Однажды, когда я была совсем маленькой, у нас случился удачный год, и мы решили устроить курбан — в день папиного святого принести в жертву барашка. Папа купил большого караманского барашка, он нам всем очень понравился, у него на хвосте много жиру, мы такого готовили с медом в подношение Панагии. Этот барашек был очень красивый, мы его вымыли, украсили цветами и лентами, а я запускала ему руки в шерсть, так приятно, и я его полюбила.

Накануне вечером папа точил нож, а мы с мамой пошли в церковь и вычистили ее до блеска, ни пылинки не оставили. Утром моему братишке Мехметчику, по-настоящему его зовут Никос, нужно было отвести барашка к церкви и привязать у ворот, но барашек заупрямился и не хотел идти, и все смеялись, как брат с ним возится, но потом он справился, и зеваки захлопали в ладоши, и пришел отец Христофор, прочитал барашку наставление и благословил.

Когда запели славу Господу, папа отвязал барашка и трижды провел вокруг алтаря, потом повернул головой на восток и прижал к алтарю. Барашку подставили камень, а папа три раза нарисовал ножом крест у него на горле. Мне было ужасно страшно, я закрыла лицо и смотрела между пальцев. Потом папа сказал: «Прими, Господи» — и перерезал барашку горло. Кровь полилась в каменное блюдо, барашек задрыгался, а отец Христофор махал над ним кадилом, потому что ладан делает мертвых счастливыми и чтобы барашек нас простил. Когда барашек с перерезанным горлом забился, я заплакала, потому что полюбила барашка, а мама велела замолчать и не глупить, ведь это всего лишь баран.
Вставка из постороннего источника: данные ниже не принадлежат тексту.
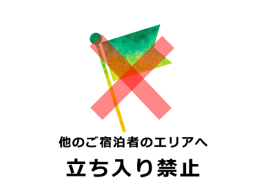 夜10時以降はデッキ・テント内やその他全てのエリアでの大声や大音量で音楽を鳴らす等、周りのお客様のご迷惑となりうるすべての行為を禁止しています。警備員の注意を守って頂けないお客様には退去をお願いいたします。
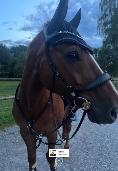 Fünf Sterne zuhause gesucht für Holsteiner/Hannoveraner Wallach. Copa ist ein sehr lieber Wallach, er braucht seine Zeit bis er seinem Besitzer vertraut, aber wenn er mal vertraut macht er alles für dich ! Er geht sehr gerne lange ins Gelände, ob in der Gruppe oder alleine. Copa macht aber auch auf dem Sand immer steht’s eine schöne Figur und gibt sich immer sehr viel Mühe. Er hat Spass am Springen, das aber weder hoch noch auf dem Turnier! Es war eine sehr schwere Entscheidung Copa weiter zu geben, deshalb wird er auch nur in gute hänge weiter gegeben. Bitte nur bei ehrlichem Interesse melden! Über diese Nummer immer erreichbar: 0791360992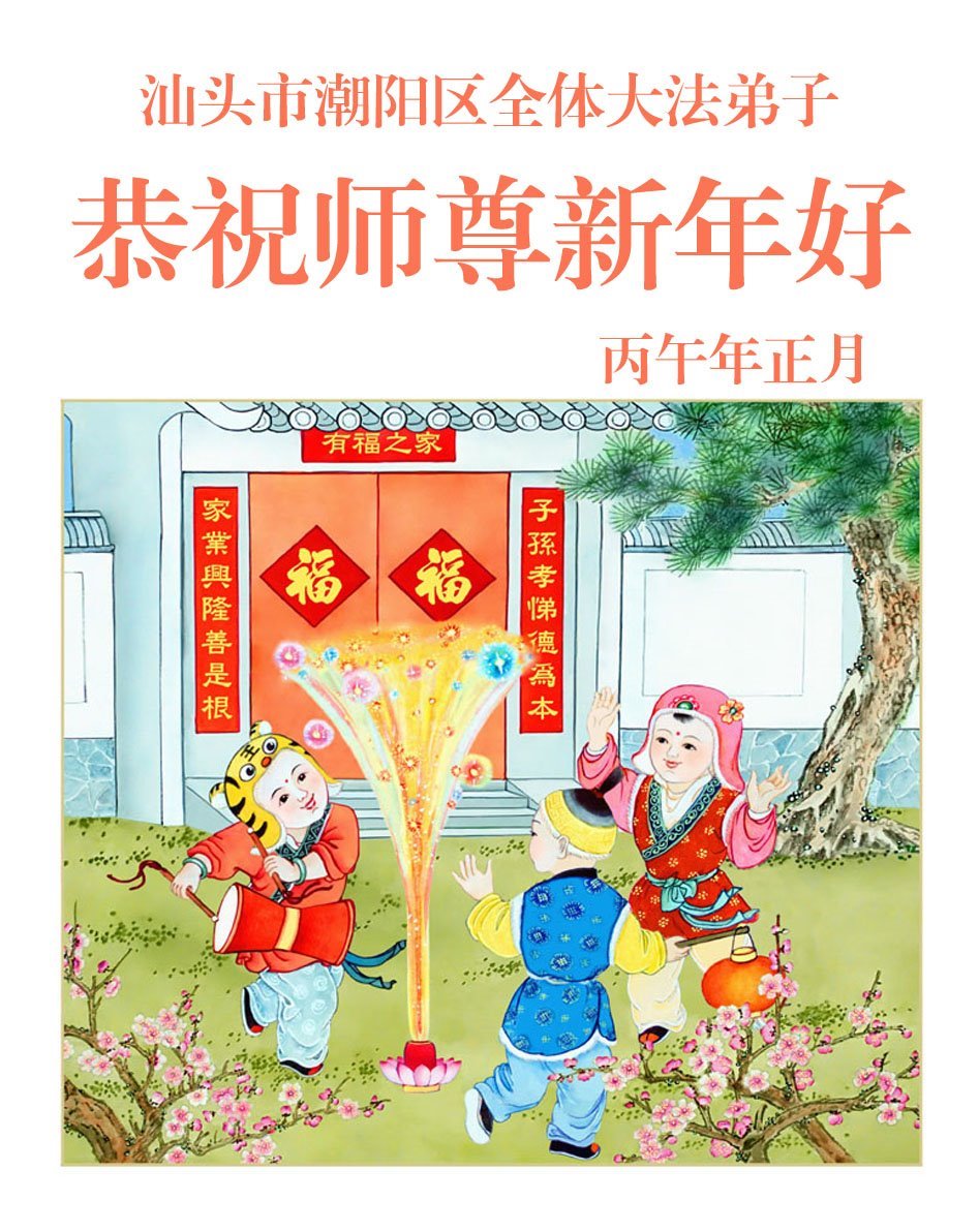 广东省汕头市潮阳区全体大法弟子恭祝师尊新年好!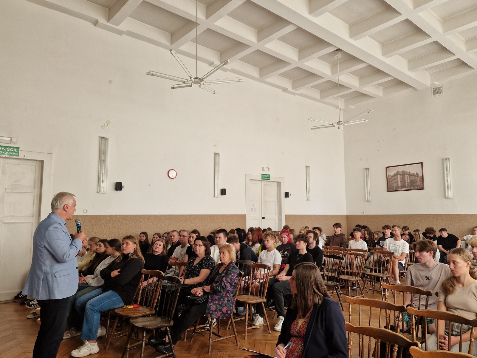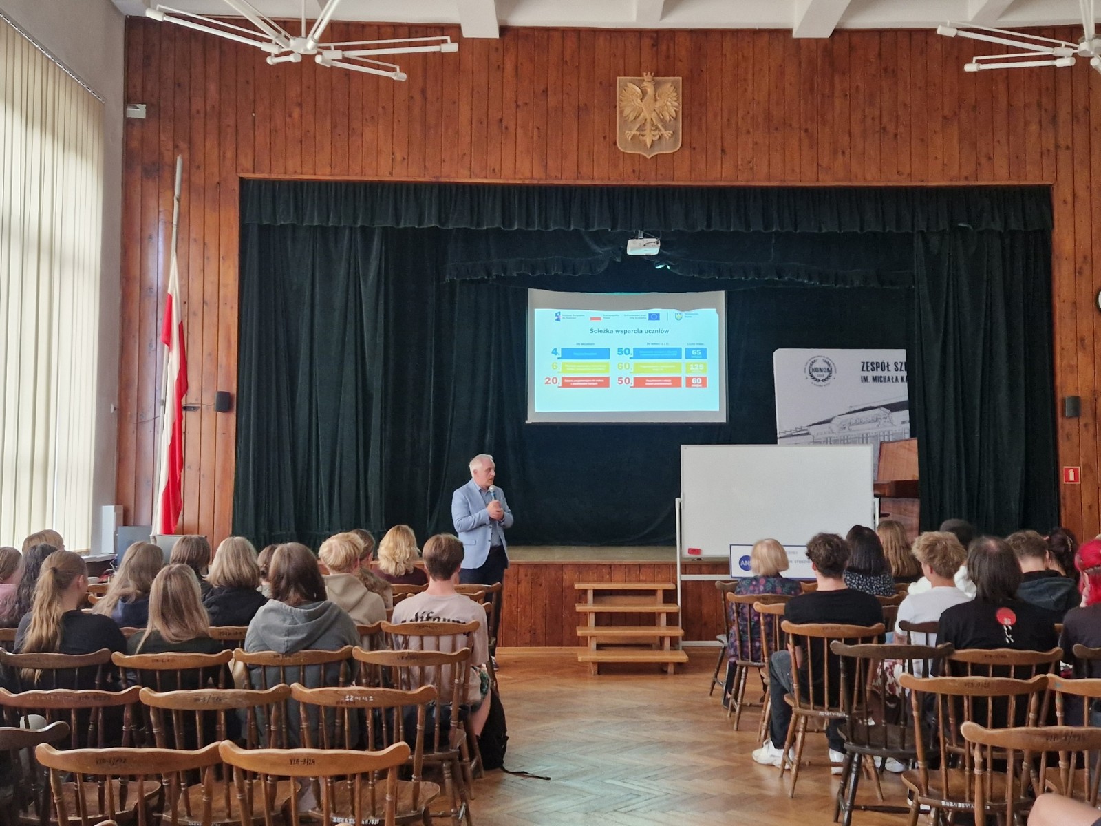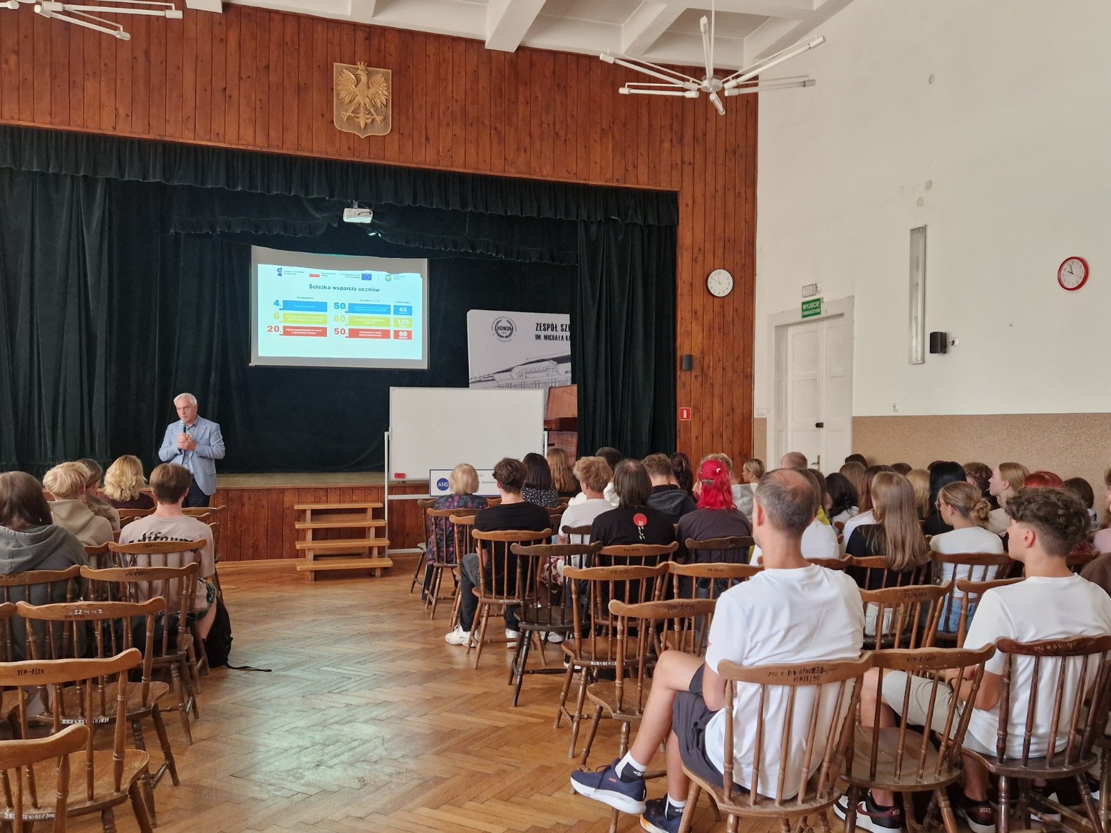 Podczas spotkania zachęcaliśmy uczniów do aktywnego udziału w projekcie i pokazaliśmy, jak dzięki wsparciu ze środków Funduszy Europejskich dla Śląskiego 2021–2027 mogą zdobywać cenne doświadczenia i przygotować się na wyzwań przyszłości.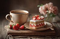 Sfeervolle foto van koffie en aardbeientaart met slagroom. Perfect voor landelijke keukens, eetkamers of een knusse koffiehoek. Warm en uitnodigend.

Но я ужасно расстроилась и со злости стукнула папу, а он, слава богу, только засмеялся. Потом мы украсили себя цветами, а детям дали ветки с плодами, и батюшка повел нас на площадь, извещая всех о празднике. На площади барашка зажарили, а я сидела рядом с Мехметчиком и все плакала, и люди говорили: «У маленькой красавицы чуткое сердце, оно все в цветах».

Когда стали подавать мясо с рисом, все развеселились, а у меня слюнки текли, но я отказалась, и всех это очень рассмешило. Потом брат прошептал мне на ухо: «Если ты не съешь хоть кусочек, кто-нибудь умрет». Я спросила, кто. А он сказал — Ибрагим. Я не очень-то ему поверила, но на всякий случай съела мяса, потому что Ибрагим мне дороже барашка. Потом Мехметчик признался, что соврал, и я в отместку положила ему в рис дохлого жука, и он в темноте его съел, а я только на Рождество попросила у папы прощенья, что стукнула его.

Мне бы хотелось когда-нибудь рассказать эту историю Ибрагиму.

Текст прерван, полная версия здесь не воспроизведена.